50. The combination composition of any one of claims 47-49, wherein each of the first and second cyclodextrin derivative compositions comprises plural individual cyclodextrin derivative species differing in individual degree of substitution.

51. The combination composition of any one of claims 47-50, wherein the average degree of substitution of the first composition differs from the average degree of substitution of the second composition by at least 2, 3, 4, 5, 6, 7, or 8.
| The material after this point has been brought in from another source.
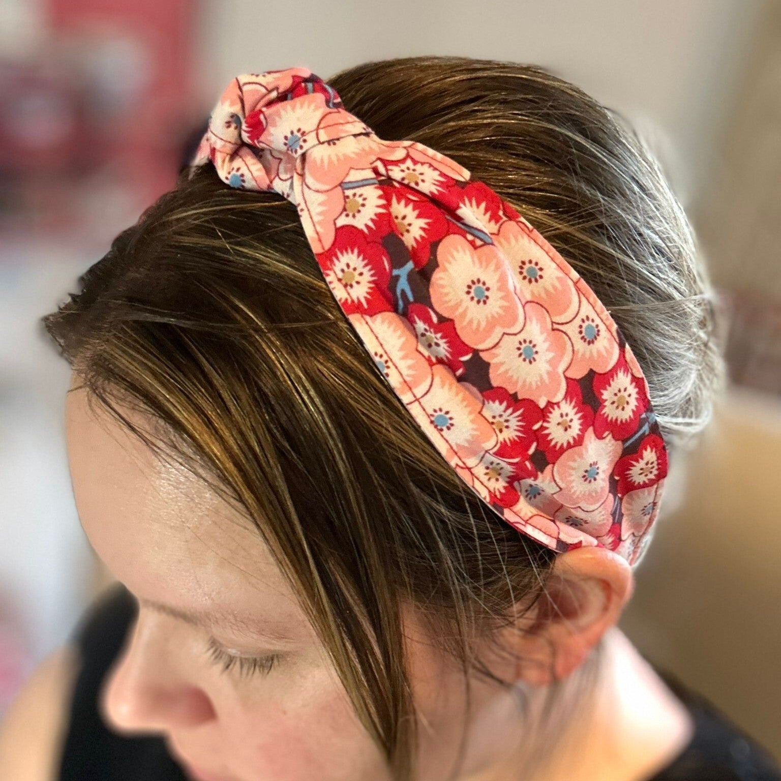 Voeg een vleugje boho romance toe aan je look met de Daisy Dusk haarband. Deze met de hand gestoffeerde knotted haarband is gemaakt van een luchtige stof met een subtiel bloemendessin in zachte tinten. De speelse knoop in het midden geeft je kapsel een nonchalante, zomerse touch. Perfect om te dragen bij beach waves, een messy bun of losse lokken tijdens lange zomeravonden en dromerige festivals. Combineer met gouden sieraden en flowy jurken voor de ultieme boho look.
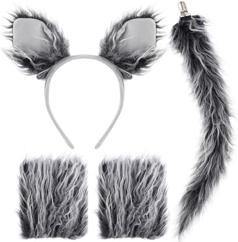 Dxhycc Wolf Costume Set Grey Wolf Ears Headband, Gloves and Tails for Halloween Dress-Up Accessory Kit

52. The combination composition of any one of claims 47-51, wherein the first average degree of substitution is in the range of 1 to 6, and the second average degree of substitution is in the range of 5 to 12.

53. A method of improving the performance of a first cyclodextrin derivative composition comprising adding a second cyclodextrin derivative composition to the first cyclodextrin derivative composition thereby forming a combination composition of the invention, the combination composition exhibiting enhanced performance over the first cyclodextrin derivative composition.

54. An active combination composition comprising: a) one or more active agents; b) a first cyclodextrin derivative composition having a first binding constant for the one or more active agents; and b) a second cyclodextrin derivative composition having a second binding constant for the one or more active agents, wherein the second binding constant is at least two-fold, at least three-fold, at least four-fold, at least five fold, at least ten-fold, at least twenty- fold, at least fifty-fold, at least 100-fold, at least 500- fold, at least 1000-fold higher than the first binding constant.

55. The active combination composition of claim 54 possessing enhanced performance over an active composition comprising the one or more active agents and just one of the two cyclodextrin derivative compositions.